Prompt> Reproduce the entries that follow precisely, setting aside any images.

**** Exercise material

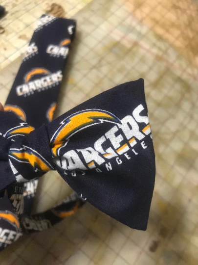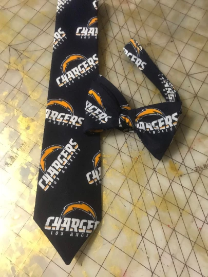 NFL San Diego Chargers Necktie in bow tie, skinny tie, or standard tie styles, and kids or adult sizes. Adult Chargers bow tie is self-tie, sized to 16.5″, custom length available at no charge. Kids Chargers bow tie comes pre-tied, and has back elastic to allow it to slip over the head. Please see chart below for full necktie and bow tie sizing for children and adults.
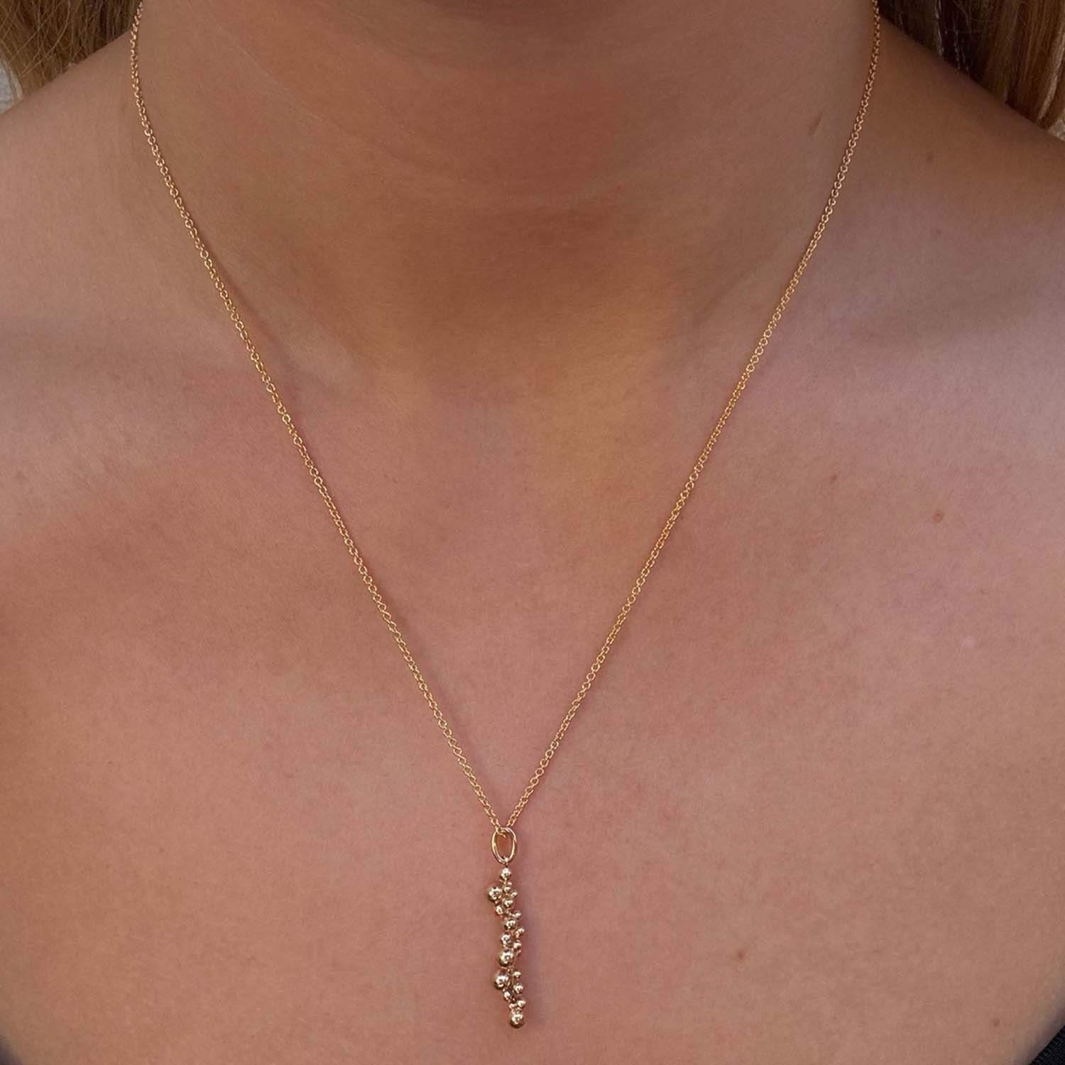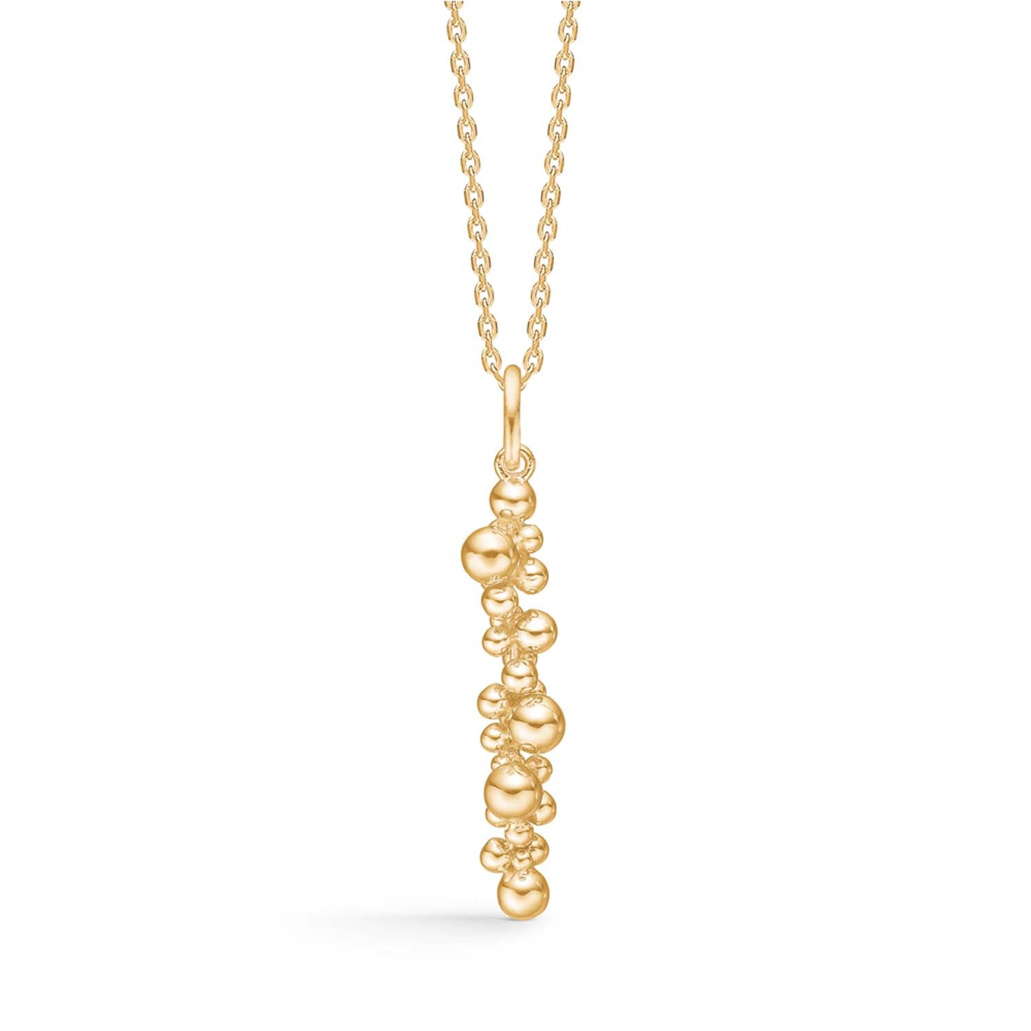 Vedhænget er udført i en varm guldfarve, der udstråler elegance og varme. De små kugler, der udgør vedhænget, giver en unik tekstur, som tilføjer dybde og karakter. Når du bærer dette vedhæng, vil du opleve, hvordan dets lette vægt og glatte overflade føles behagelig mod huden.
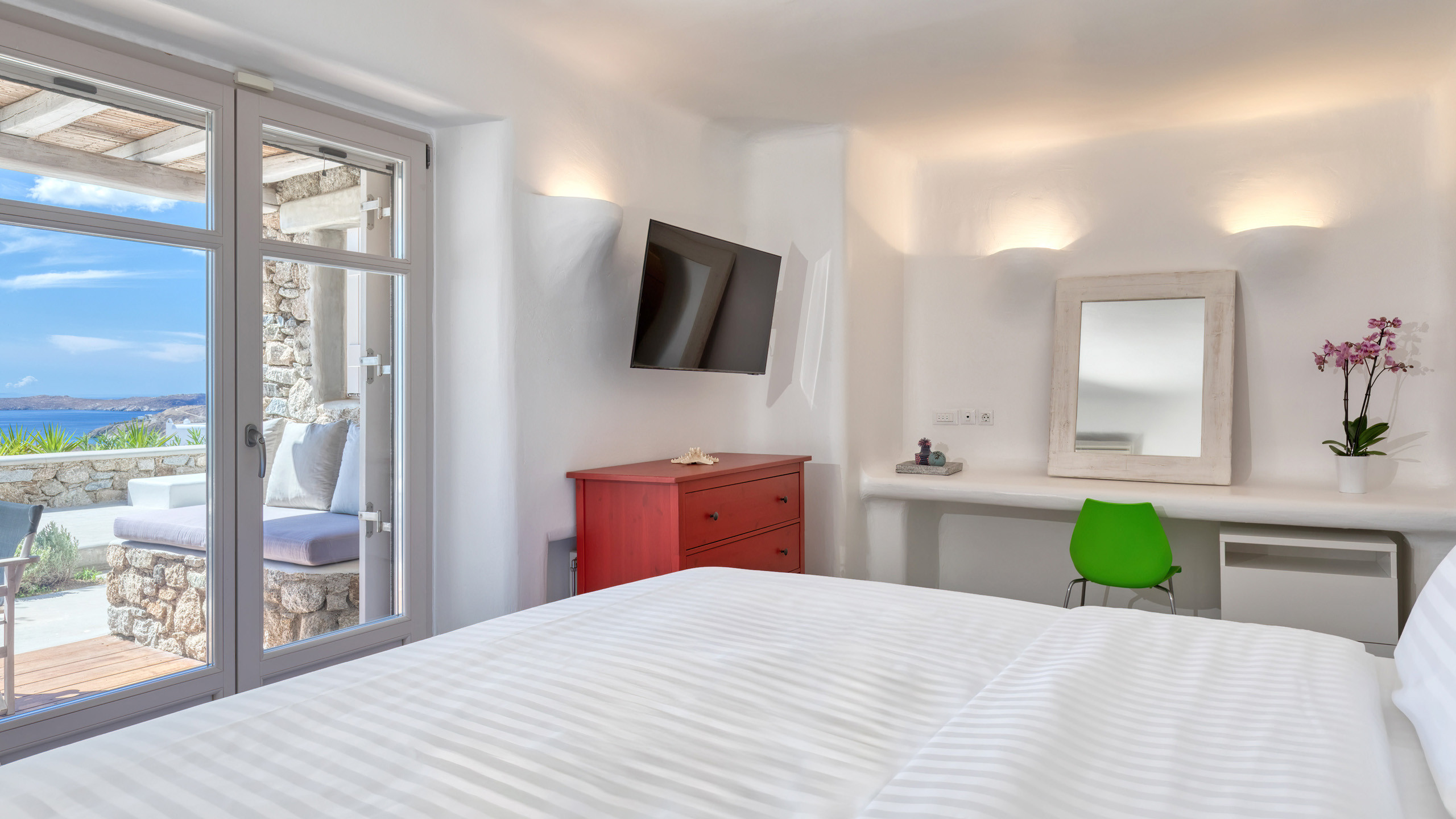 1 Camera Ospiti matrimoniale, A/C, bagno interno con doccia, accesso diretto all'area piscina, vista mare
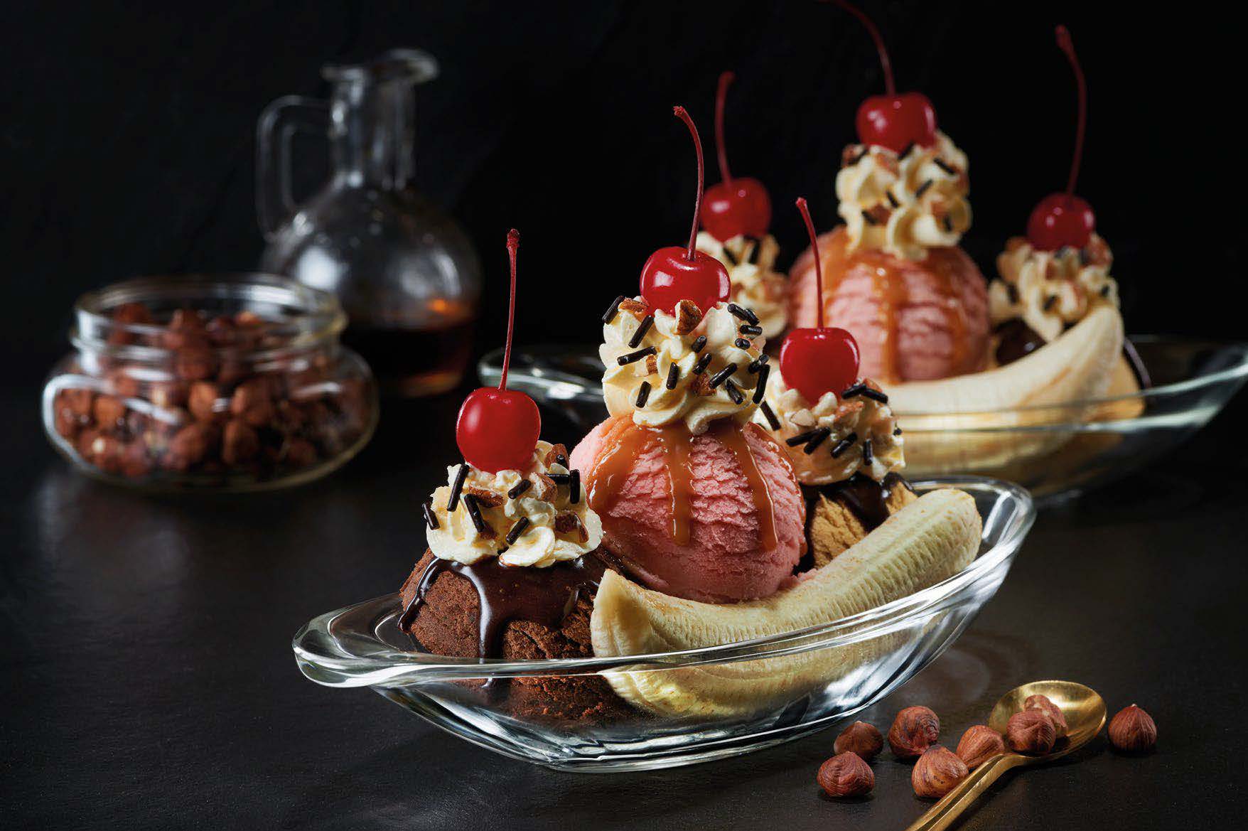 The newly designed plate for your favorite Banana Split adds some playfulness for an ice cream combo.
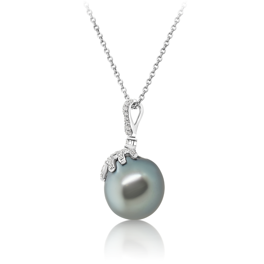 Lanț din aur alb de 18K și pandantiv cu Perlă gri de cultură și Diamante round brilliant de 0.34ct.

********

Exercise solution>
 NFL San Diego Chargers Necktie in bow tie, skinny tie, or standard tie styles, and kids or adult sizes. Adult Chargers bow tie is self-tie, sized to 16.5″, custom length available at no charge. Kids Chargers bow tie comes pre-tied, and has back elastic to allow it to slip over the head. Please see chart below for full necktie and bow tie sizing for children and adults.
 Vedhænget er udført i en varm guldfarve, der udstråler elegance og varme. De små kugler, der udgør vedhænget, giver en unik tekstur, som tilføjer dybde og karakter. Når du bærer dette vedhæng, vil du opleve, hvordan dets lette vægt og glatte overflade føles behagelig mod huden.
 1 Camera Ospiti matrimoniale, A/C, bagno interno con doccia, accesso diretto all'area piscina, vista mare
 The newly designed plate for your favorite Banana Split adds some playfulness for an ice cream combo.
 Lanț din aur alb de 18K și pandantiv cu Perlă gri de cultură și Diamante round brilliant de 0.34ct.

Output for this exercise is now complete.